- **INSTRUCTIONS TO FOLLOW**
Leave out the images and output the records word for word.

- **DATA RECORDS**
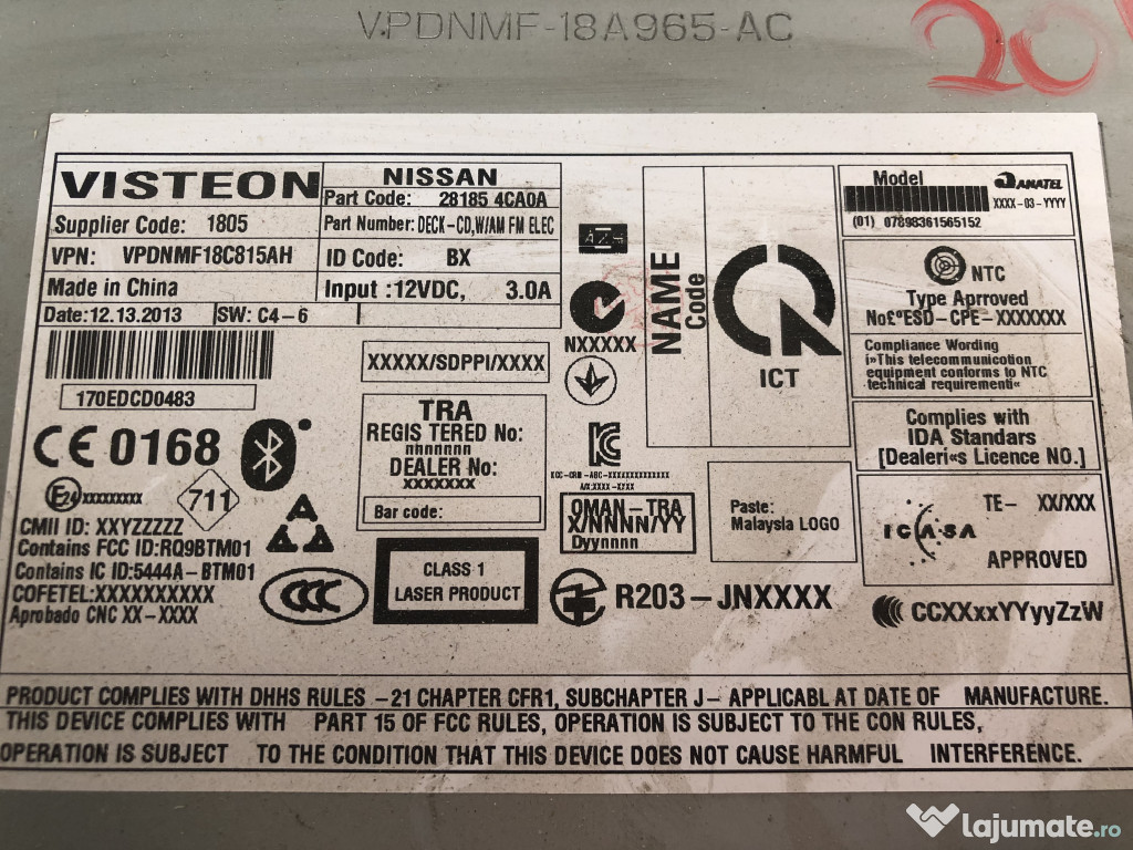 CD Player Nissan Qashqai 2014. Cod(uri): 281854CA0A. Piesele comercializate sunt originale, provenite din dezmembrari. Dispunem de o gama larga de piese multimarca. Piesele sunt verificate inainte de a fi puse spre vanzare. In caz de neconformitate piesa se poate returna. Va rugam sa verificati disponibilitatea pieselor telefonic. Trimitem in tara prin curier.Marcă: Nissan
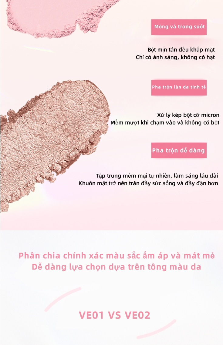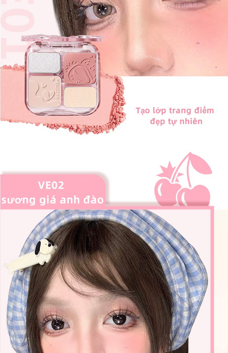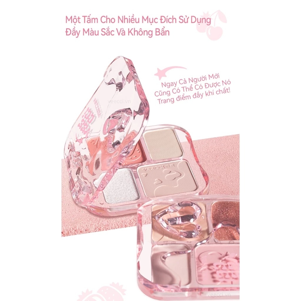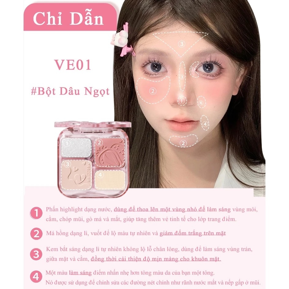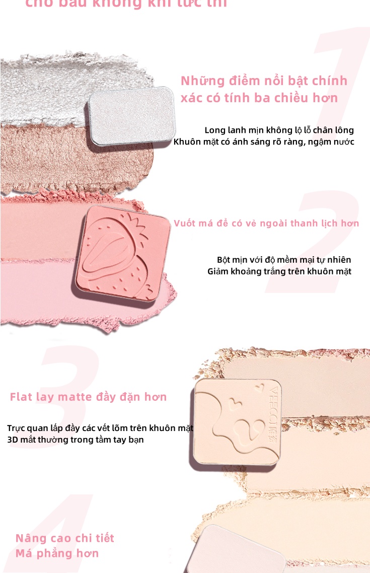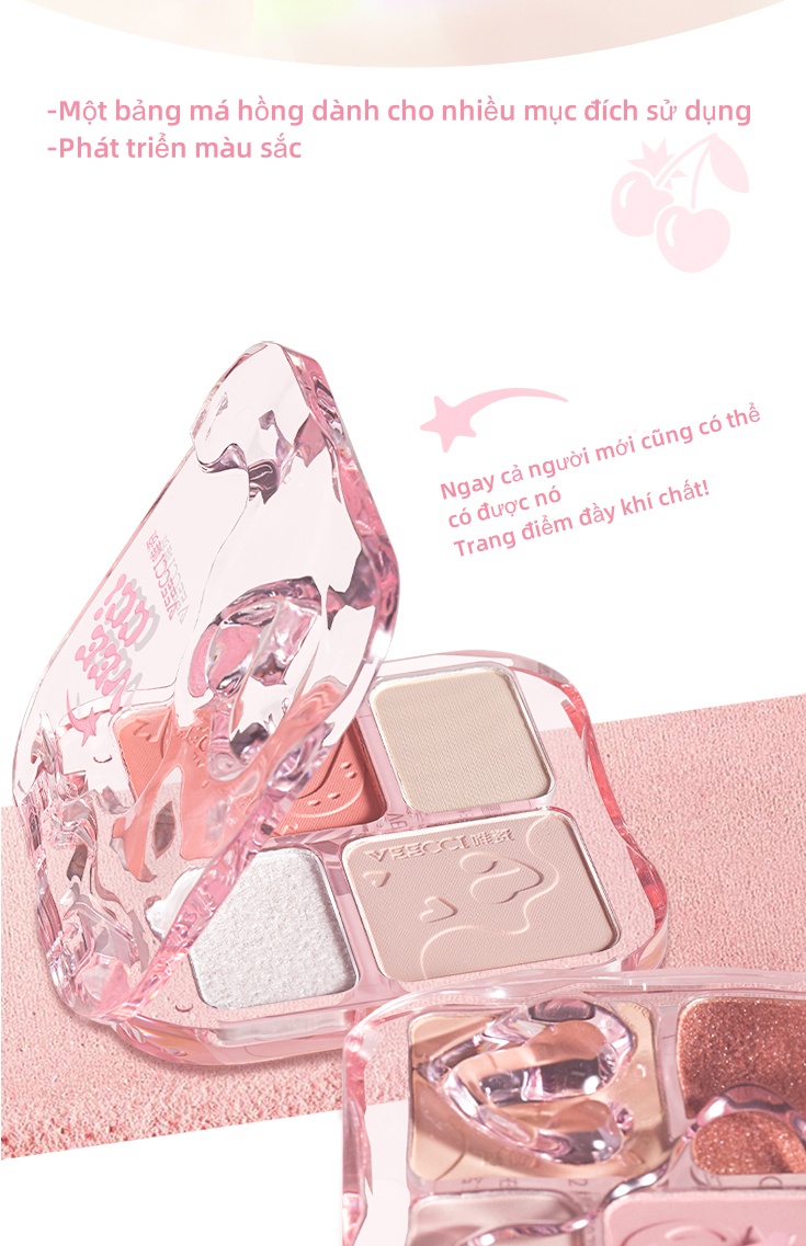 🌟 Bảng màu Phấn Má Hồng Và Bắt Sáng Highlight VEECCI 4 Ô Tự Nhiên Lâu Trôi
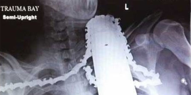 James Valentine (21) aus Pittsburgh war gerade mit einer Kettensäge beim Baumschneiden, als er ausrutschte. Er stürzte so unglücklich, dass sich die Kettensäge fünf Zentimeter tief in seinen Hals bohrte. Ein Mitarbeiter der Rettung berichtet: "Wir haben nur den Motor aus der Kettensäge entfernt, das Sägeblatt ließen wir im Hals stecken. Die Säge nicht zu bewegen, war eine große Herausforderung."
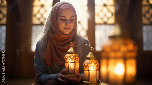 Portrait of a young Muslim girl in a headscarf holding a lantern.
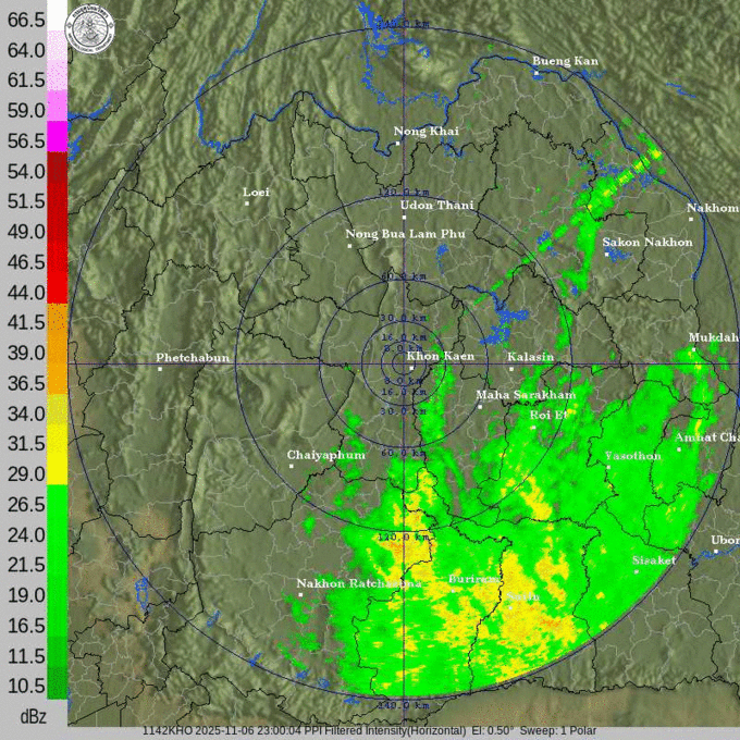 - 05:15 เรดาร์ฝนแบบเคลื่อนไหวรัศมี 240 กม. ศูนย์กลางที่จังหวัดอุบลราชธานี แสดงกลุ่มฝนตลอดช่วง 1 ชั่วโมง 45 นาทีที่ผ่านมา
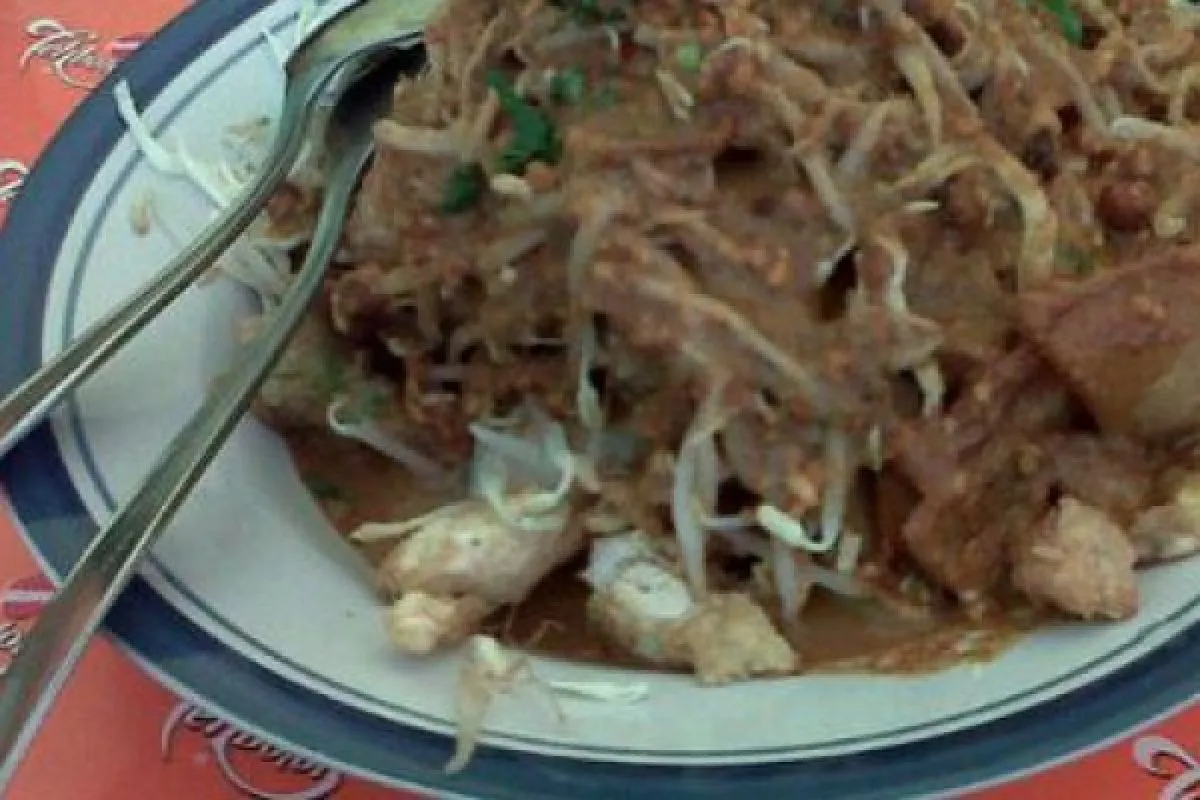 Di atas sumber karbohiodrat itu kemudian ditaburi kecambah, irisan kol, dan gimbal yang dipotong-otong. Langkah terakhir adalah menyiram bumbu kacang hingga rata.
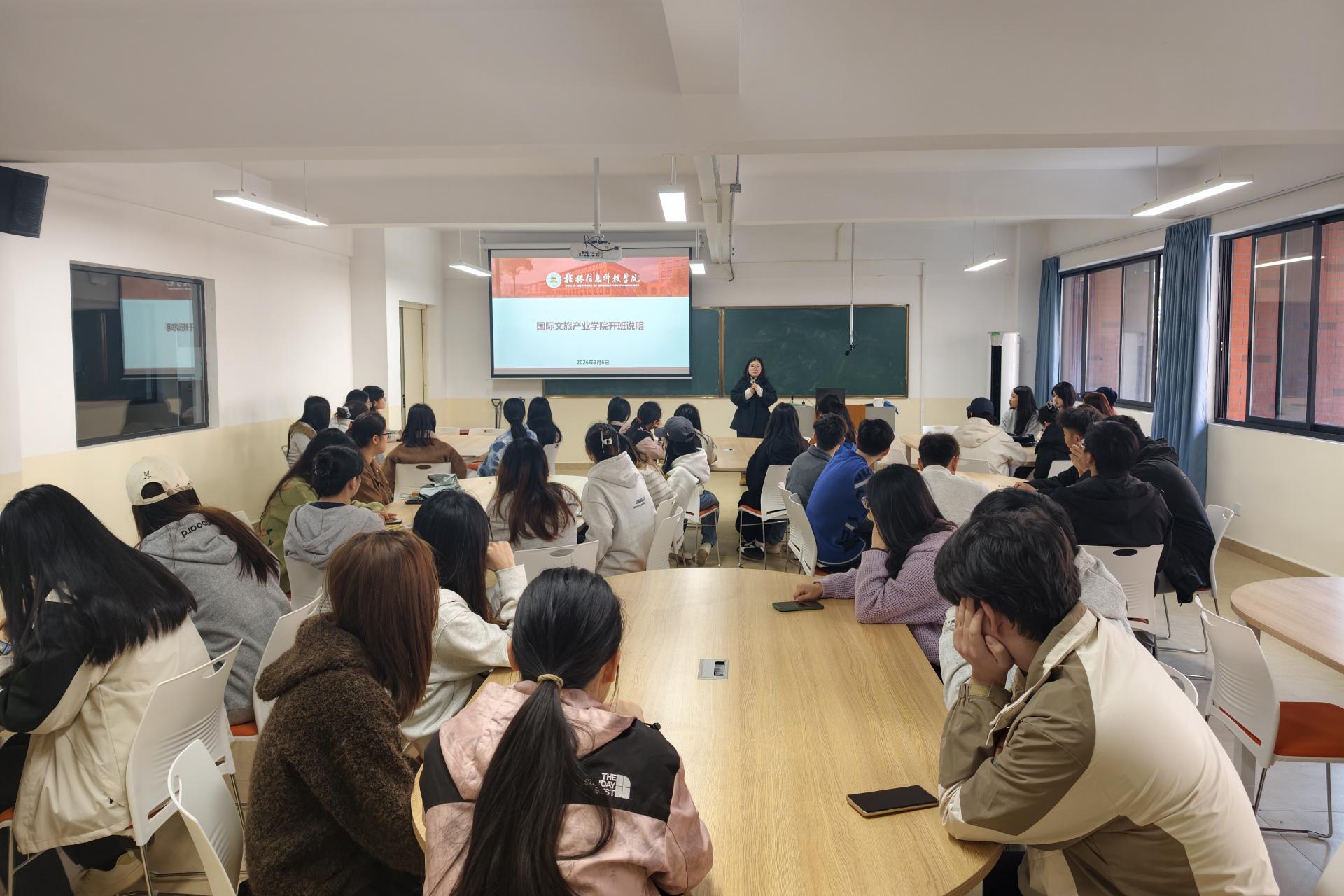 3月6日,为帮助国际文旅产业学院学生全面了解本学期课程要求、文旅行业现状、现有企业资源等,酒店管理教研室主任兼国际文旅产业学院项目负责人黄艳老师向2023级参与产业学院学习的全体学生召开项目第一次沟通会。
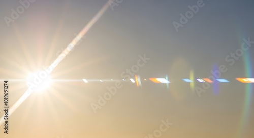 © VextoraDesign, Obraz premium Bright sunlight shining through the atmosphere creating a lens flare effect with rainbow colors visible
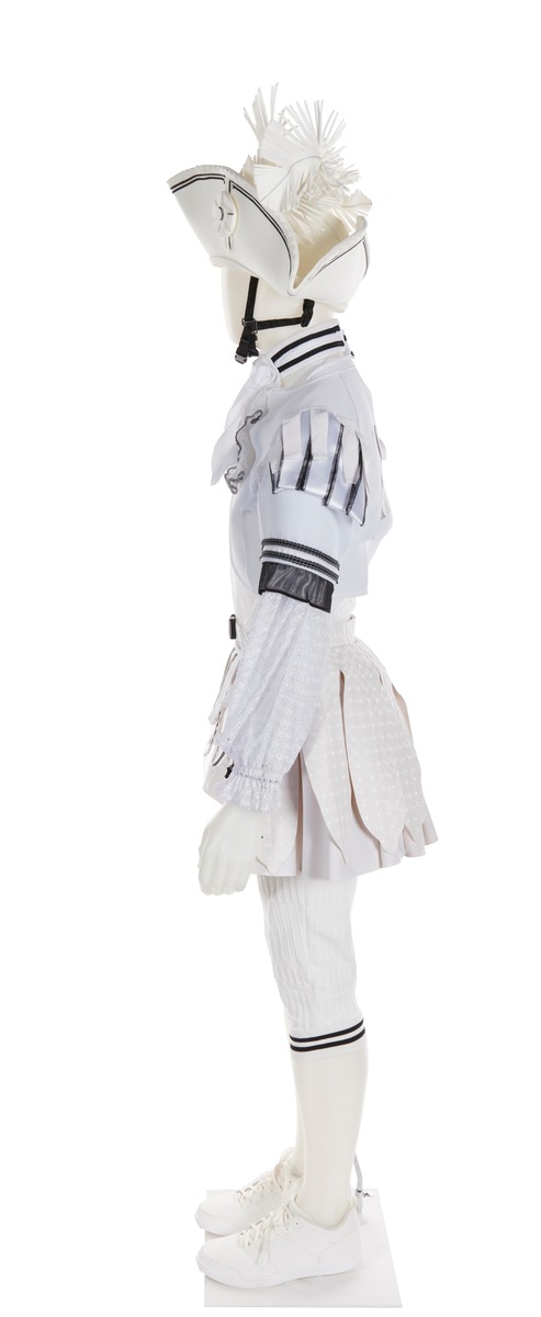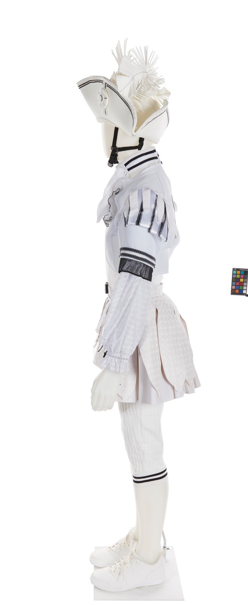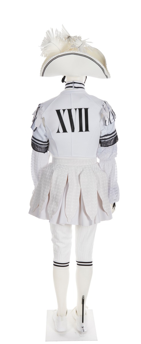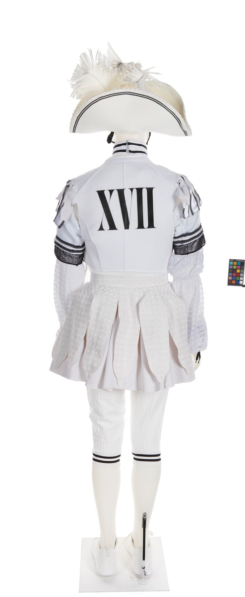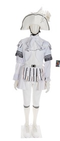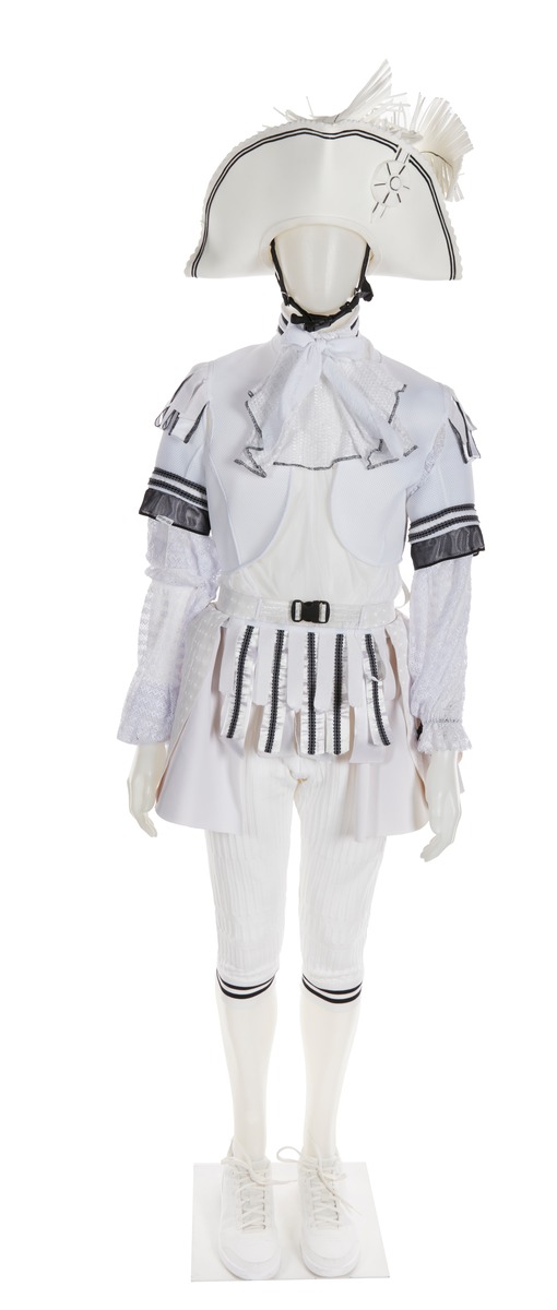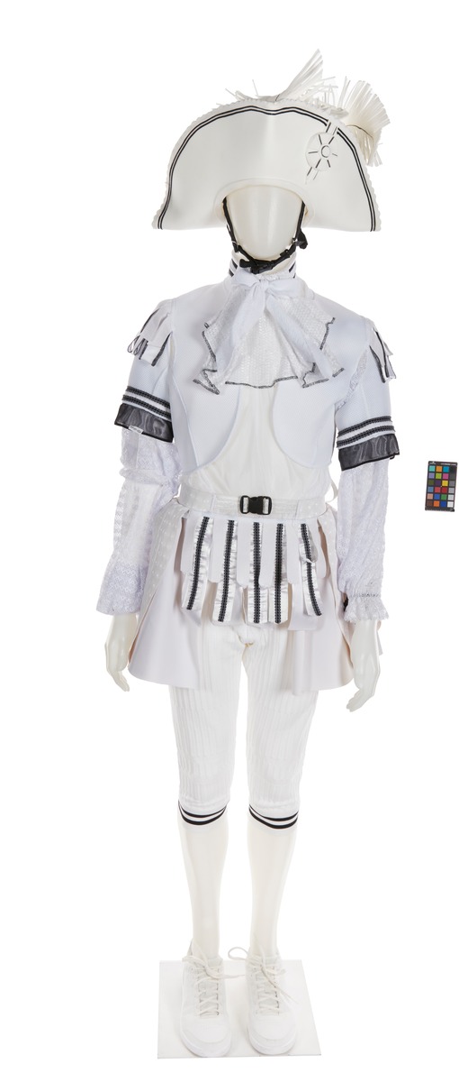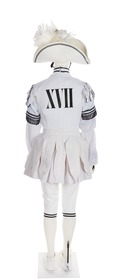 Ensemble composé d'un chapeau tricorne, d'un col, d'une chemise, d'un gilet de type pourpoint, d'une jupe, de hauts-de-chausse, de chaussettes hautes et de chaussures de sport. Costume fabriqué sur mesure à la main.

- **TASK RESPONSE**
 CD Player Nissan Qashqai 2014. Cod(uri): 281854CA0A. Piesele comercializate sunt originale, provenite din dezmembrari. Dispunem de o gama larga de piese multimarca. Piesele sunt verificate inainte de a fi puse spre vanzare. In caz de neconformitate piesa se poate returna. Va rugam sa verificati disponibilitatea pieselor telefonic. Trimitem in tara prin curier.Marcă: Nissan
 🌟 Bảng màu Phấn Má Hồng Và Bắt Sáng Highlight VEECCI 4 Ô Tự Nhiên Lâu Trôi
 James Valentine (21) aus Pittsburgh war gerade mit einer Kettensäge beim Baumschneiden, als er ausrutschte. Er stürzte so unglücklich, dass sich die Kettensäge fünf Zentimeter tief in seinen Hals bohrte. Ein Mitarbeiter der Rettung berichtet: "Wir haben nur den Motor aus der Kettensäge entfernt, das Sägeblatt ließen wir im Hals stecken. Die Säge nicht zu bewegen, war eine große Herausforderung."
 Portrait of a young Muslim girl in a headscarf holding a lantern.
 - 05:15 เรดาร์ฝนแบบเคลื่อนไหวรัศมี 240 กม. ศูนย์กลางที่จังหวัดอุบลราชธานี แสดงกลุ่มฝนตลอดช่วง 1 ชั่วโมง 45 นาทีที่ผ่านมา
 Di atas sumber karbohiodrat itu kemudian ditaburi kecambah, irisan kol, dan gimbal yang dipotong-otong. Langkah terakhir adalah menyiram bumbu kacang hingga rata.
 3月6日,为帮助国际文旅产业学院学生全面了解本学期课程要求、文旅行业现状、现有企业资源等,酒店管理教研室主任兼国际文旅产业学院项目负责人黄艳老师向2023级参与产业学院学习的全体学生召开项目第一次沟通会。
 © VextoraDesign, Obraz premium Bright sunlight shining through the atmosphere creating a lens flare effect with rainbow colors visible
 Ensemble composé d'un chapeau tricorne, d'un col, d'une chemise, d'un gilet de type pourpoint, d'une jupe, de hauts-de-chausse, de chaussettes hautes et de chaussures de sport. Costume fabriqué sur mesure à la main.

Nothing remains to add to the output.